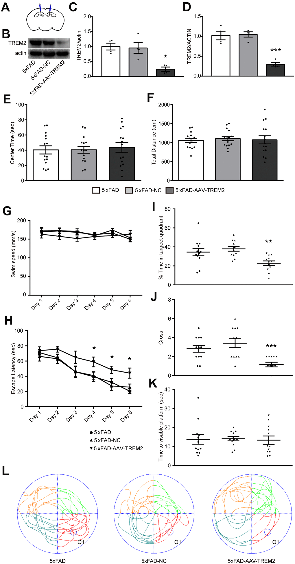 Then, the spatial learning and memory were assessed by the Morris Water Maze test (MWM). Spatial learning was examined through continuous 6 days training trails. Swim speed in training trails was similar in all of the groups (Figure 3G). The escape latency to find the hidden platform was significantly increased on day 4 to 6 in 5xFAD-AAV-TREM2 group compared with the other two groups, and no differences between 5xFAD and 5xFAD-AAV-NC group (Figure 3H). In the probe test (hidden platform was removed away), which was used for evaluating the memory recall, the percentage of time in the target quadrant, as well as the time crossing the platform were significantly decreased in 5xFAD- AAV-TREM2 group compared to 5xFAD and 5xFAD-AAV-NC groups (Figure 3I, 3J, 3L). There were no differences in the time moving to visible platform among all groups (Figure 3K). Taken together, these results indicated that the learning and memory function was significantly attenuated in the 5xFAD-AAV-TREM2 (TREM2-lack) group without movement disorder and anxious behaviors.
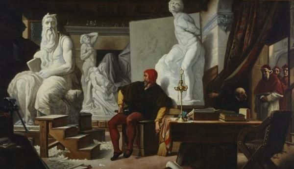 MICHAELANGELO IN HIS STUDIO, VISITED BY POPE JULIUS II
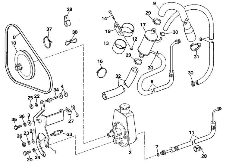 Omc Stern Drive Power Steering Pump Parts For 1989 5 7l
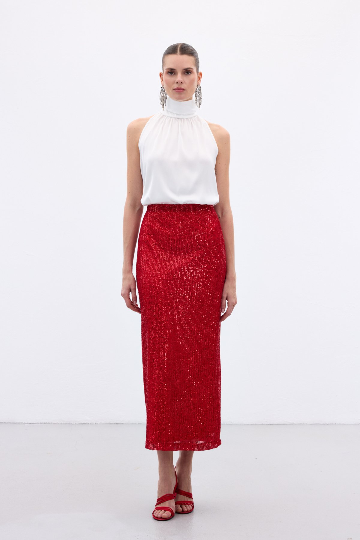 Karolin Midi Etek - Kırmızı
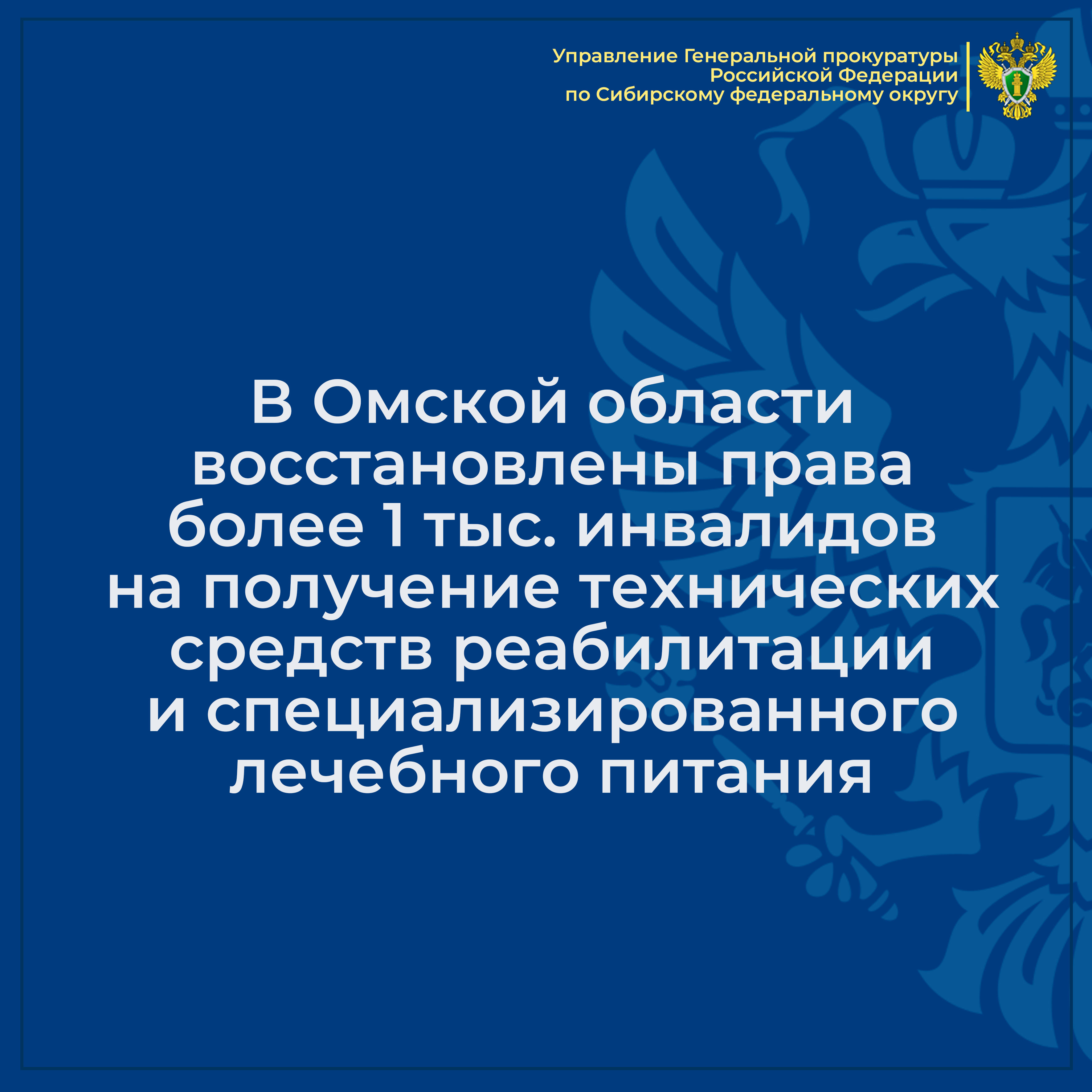 Управлением Генеральной прокуратуры Российской Федерации по Сибирскому Федеральному округу с привлечением прокуратуры Омской области рассмотрено обращение супруги участника СВО, получившего ранение в зоне проведения специальной военной операции, о длительном необеспечении уволенного в запас военнослужащего лечебным питанием и техническими средствами реабилитации.
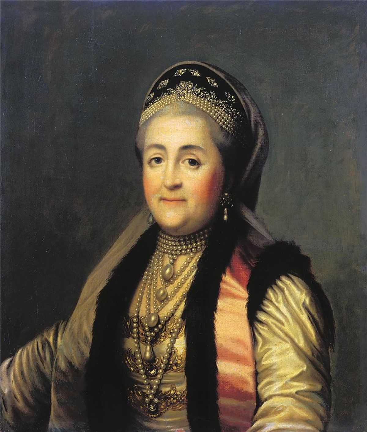 Портрет Екатерины II в шугае и кокошнике. Картина Вигилиуса Эриксена
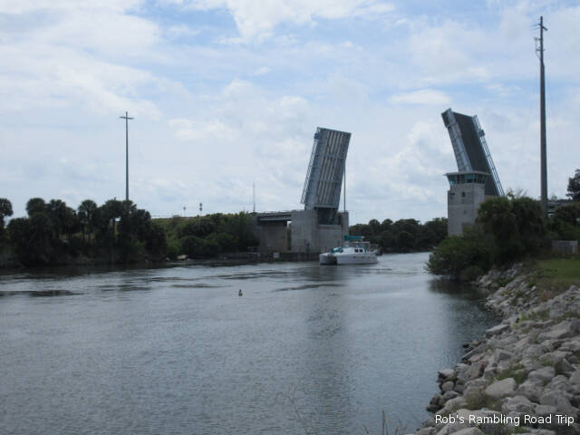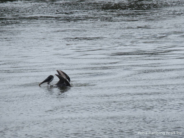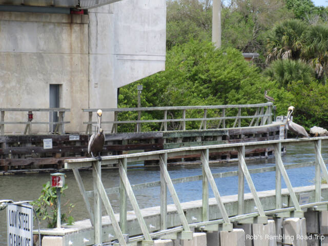 During the sunny part of the day, I returned to the Merritt Island National Wildlife Preserve. I wanted to see a manatee or two at the Haul Over canal. Last spring I saw about six near the viewing area. Last week I only saw a couple swim by. I hoped that I might see a few more today, but instead I only saw one. Instead I was entertained by the Pelicans that call the area around the nearby drawbridge home. They use the height of the bridge supports and protective pilings to spot the fish in the canal. The noisy splash as the pelican enters the water after a fish is impressive.
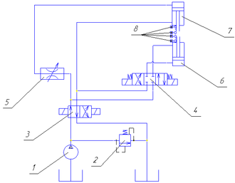 Гидропривод работает следующим образом. При нагнетании давления от насоса 1 масло поступает через гидрораспределитель 3 в бесштоковую полость гидроцилиндра 7. При достижении нижнего положения кулачок переключает конечный выключатель 8, перемещая его в нижнее положение, после чего происходит слив масла из цилиндра 7. При достижении верхнего положения кулачок переключает конечный выключатель 8, перемещая его в верхнее положение, тем самым переключая распределитель 4. Теперь масло нагнетается в гидроцилиндр 6. При достижении верхнего положения кулачок переключает конечный выключатель 8, перемещая его в верхнее положение, тем самым переключая распределитель 4. Начинается слив масла из цилиндра 6. При достижении нижнего положения кулачок переключает конечный выключатель 8, перемещая его в нижнее положение, при этом переключается распределитель 3 и опять начинается нагнетание масла в гидроцилиндр 7. Происходит повторение цикла.
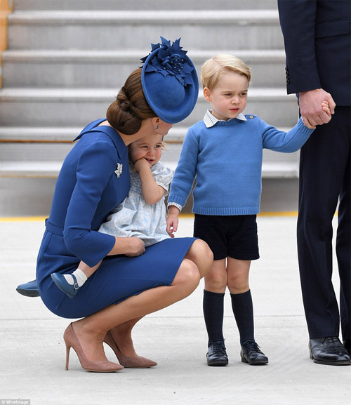 Hoàng tử bé nước Anh Geogre lại chứng minh sức hút thời trang của mình khi cùng bố mẹ tới thăm Canada vào đầu tuần này. Loạt ảnh Geogre mặc trang phục tông xanh gồm áo len, áo sơ mi, giày cùng tất dài, phối hợp đồng điệu cùng trang phục của bố mẹ và tiểu công chúa khiến công chúng "phát cuồng" vì quá dễ thương.
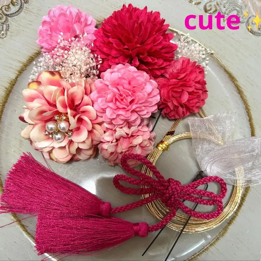 cute 성인식 졸업식 시치고산 사전 촬영 머리 장식
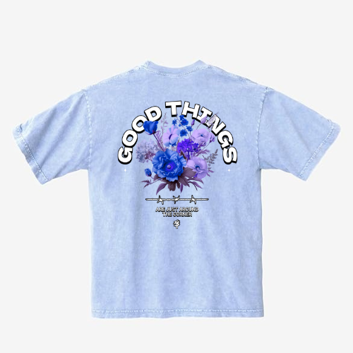 The eye-catching back design features a vibrant bouquet of blooming flowers in shades of blue, purple, and lavender, symbolizing growth, hope, and renewal. Surrounding the flowers, the bold text “GOOD THINGS” curves above the artwork, while below, the reassuring phrase “Are Just Around the Corner” serves as a reminder to remain patient and hopeful. The barbed wire beneath the text symbolizes the trials and challenges we face, while the blooming flowers remind us that beauty and good things emerge even in hardship.
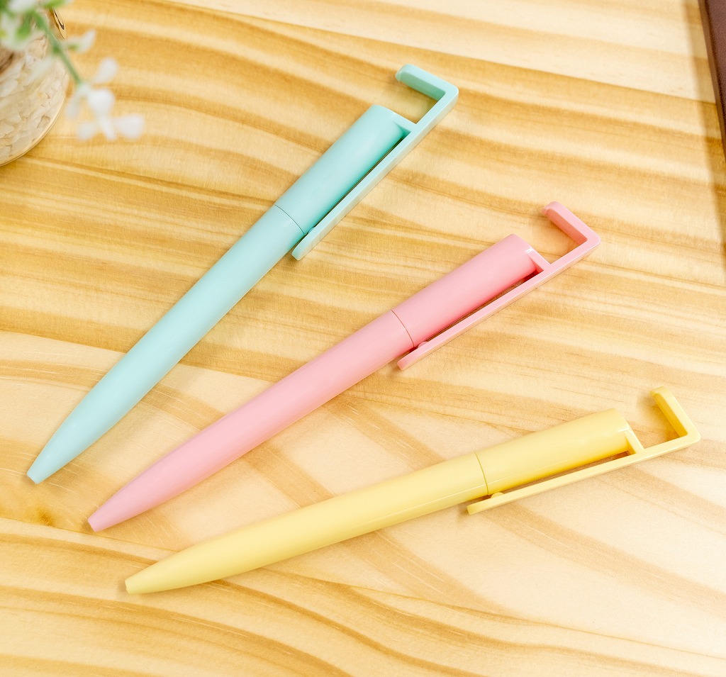 スマホスタンド付き抗菌ボールペン イエロー
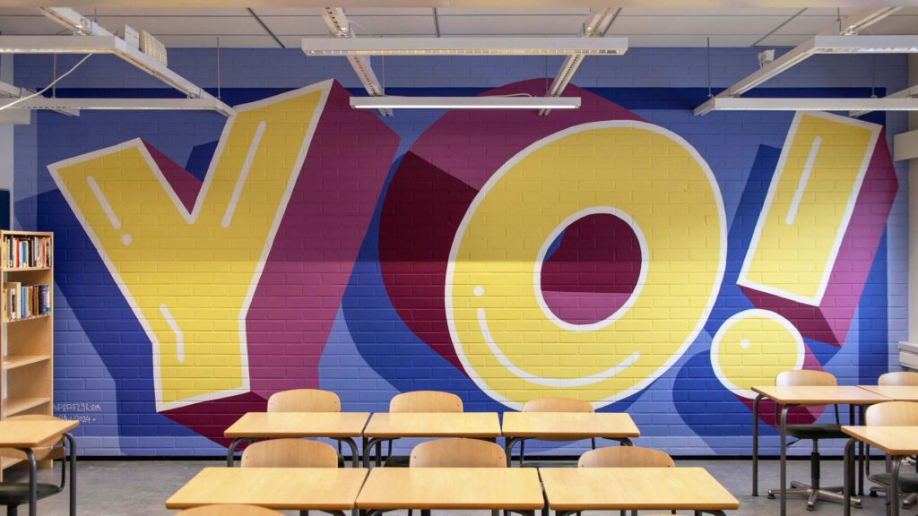 YO!-seinämaalauksen tein Vantaan Martinlaakson lukion suomen kielen luokkaan. Teos leikittelee sanan ”yo” kaksoismerkityksellä suomen kielessä – se voi tarkoittaa joko trendikästä rap-musiikista rantautunutta tervehdystä, joka on löytänyt tiensä nuorisoslangiin, taikka viitata ylioppilastutkintoon tai -kirjoituksiin, jotka tietysti ovat kaikkien lukiolaisten viimeinen virstanpylväs.
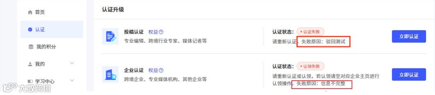 审核驳回都将在【个人中心】-【认证】中显示对应的失败原因,如下图所示。
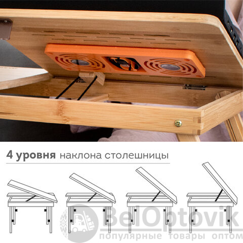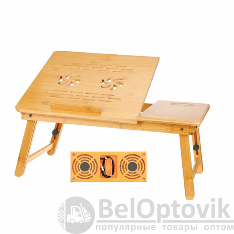 Специальные отверстия на регулируемой части столешницы осуществляют отвод теплого воздуха от ноутбука/планшета, а 2 USB-вентилятора обеспечат охлаждение ноутбука и предотвратят его перегрев. Вес столика – 1,95 кг.
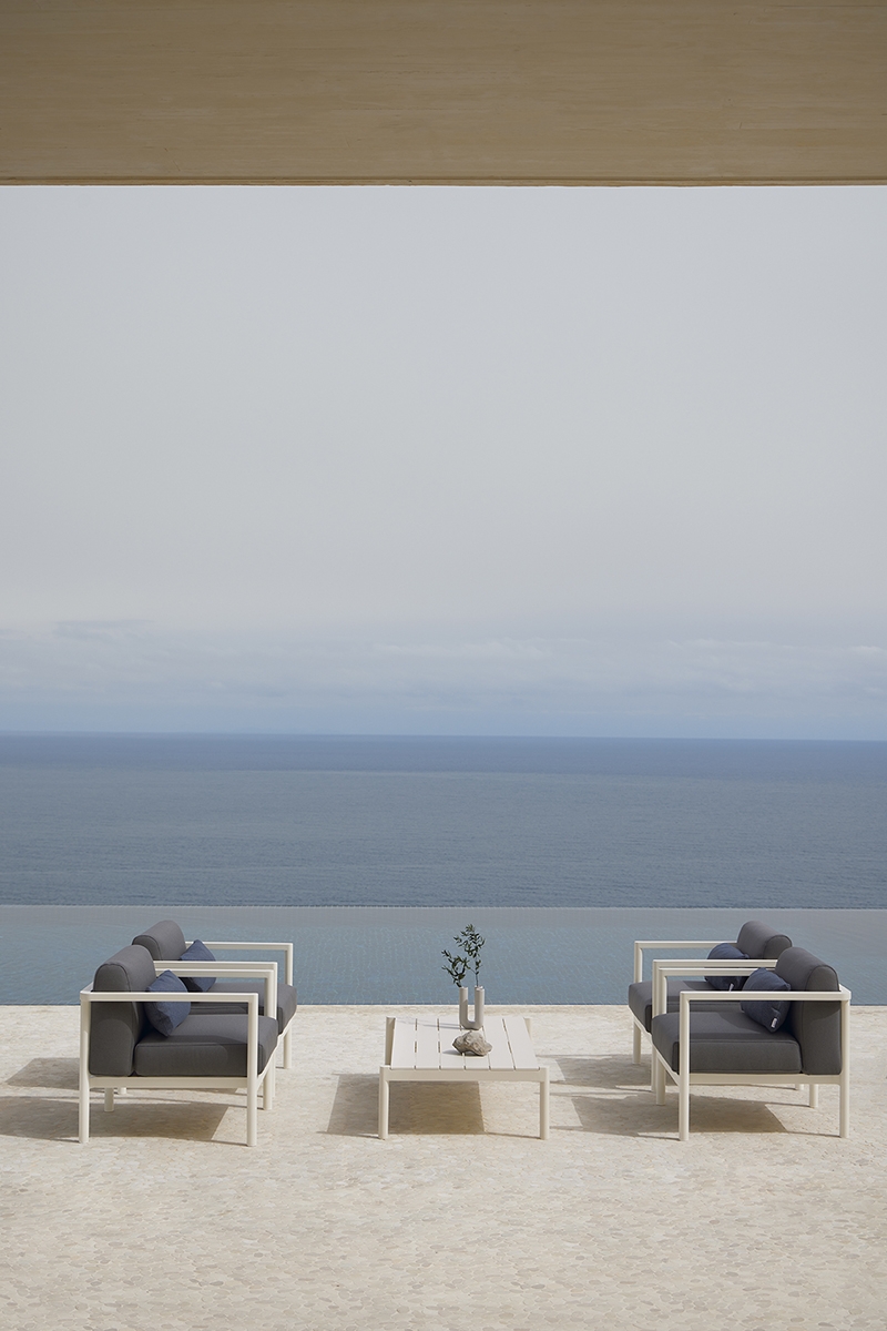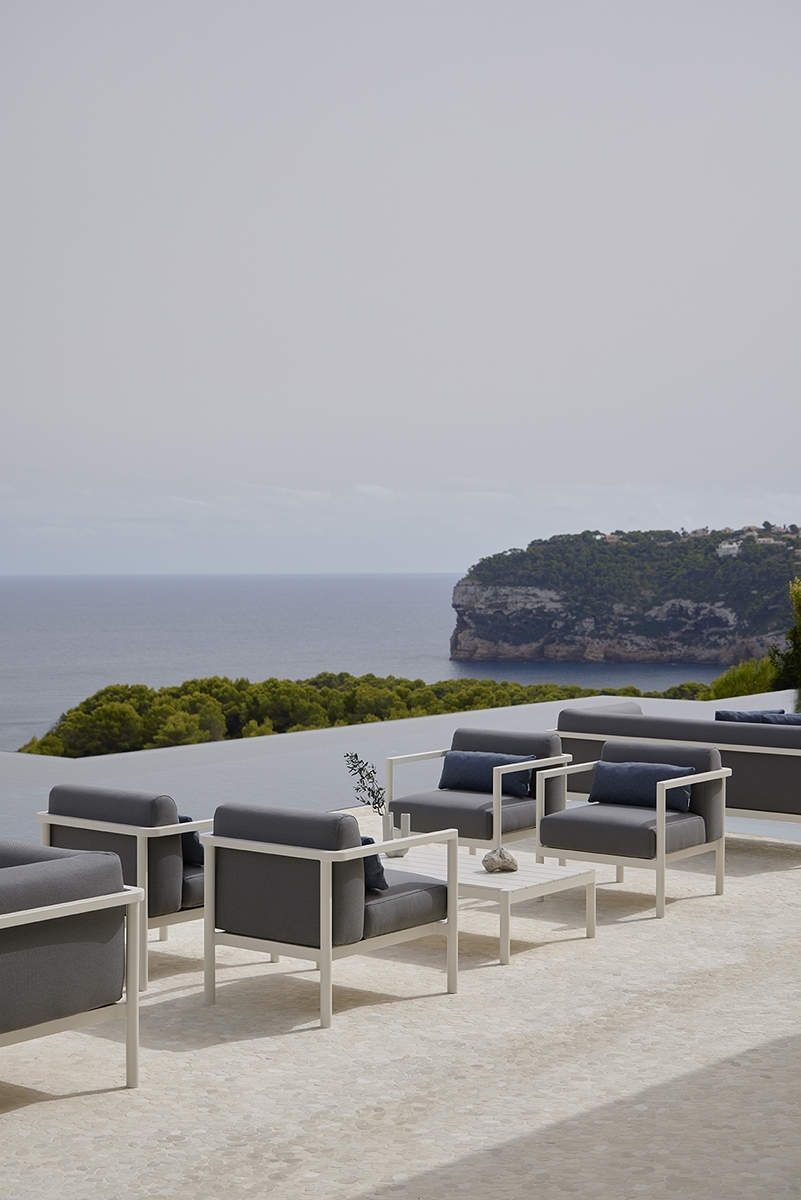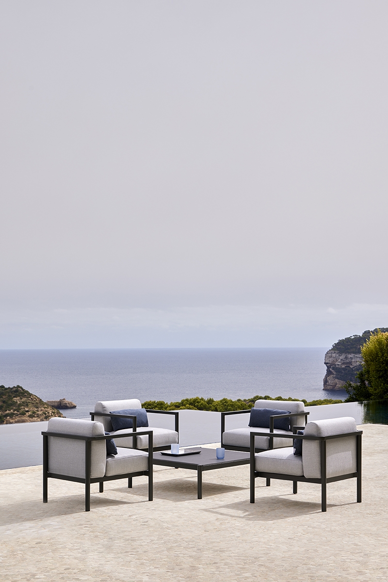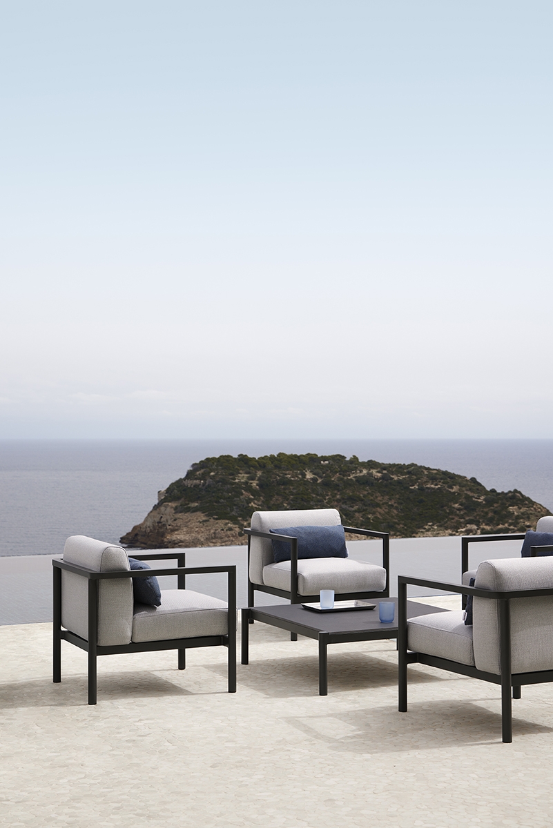 Кресло. Алюминиевая конструкция с порошковым покрытием доступна в цветах Cream 34 и Grey 56. Подушка сиденья и спинки из высокопрочного пенополиуретана весом 35 кг. Ткань для чехлов на подушки можно выбрать из различных тканей при настройке продукта на сайте. Вы также можете приобрести подушки без ткани или с собственной тканью.

----------------------------------------

Write back the stretch of lines above that begins with the line holding "Hoàng tử bé" and ends with the line holding "Специальные отверстия на", both included, exactly as written. Pictures stay out.

 Hoàng tử bé nước Anh Geogre lại chứng minh sức hút thời trang của mình khi cùng bố mẹ tới thăm Canada vào đầu tuần này. Loạt ảnh Geogre mặc trang phục tông xanh gồm áo len, áo sơ mi, giày cùng tất dài, phối hợp đồng điệu cùng trang phục của bố mẹ và tiểu công chúa khiến công chúng "phát cuồng" vì quá dễ thương.
 cute 성인식 졸업식 시치고산 사전 촬영 머리 장식
 The eye-catching back design features a vibrant bouquet of blooming flowers in shades of blue, purple, and lavender, symbolizing growth, hope, and renewal. Surrounding the flowers, the bold text “GOOD THINGS” curves above the artwork, while below, the reassuring phrase “Are Just Around the Corner” serves as a reminder to remain patient and hopeful. The barbed wire beneath the text symbolizes the trials and challenges we face, while the blooming flowers remind us that beauty and good things emerge even in hardship.
 スマホスタンド付き抗菌ボールペン イエロー
 YO!-seinämaalauksen tein Vantaan Martinlaakson lukion suomen kielen luokkaan. Teos leikittelee sanan ”yo” kaksoismerkityksellä suomen kielessä – se voi tarkoittaa joko trendikästä rap-musiikista rantautunutta tervehdystä, joka on löytänyt tiensä nuorisoslangiin, taikka viitata ylioppilastutkintoon tai -kirjoituksiin, jotka tietysti ovat kaikkien lukiolaisten viimeinen virstanpylväs.
 审核驳回都将在【个人中心】-【认证】中显示对应的失败原因,如下图所示。
 Специальные отверстия на регулируемой части столешницы осуществляют отвод теплого воздуха от ноутбука/планшета, а 2 USB-вентилятора обеспечат охлаждение ноутбука и предотвратят его перегрев. Вес столика – 1,95 кг.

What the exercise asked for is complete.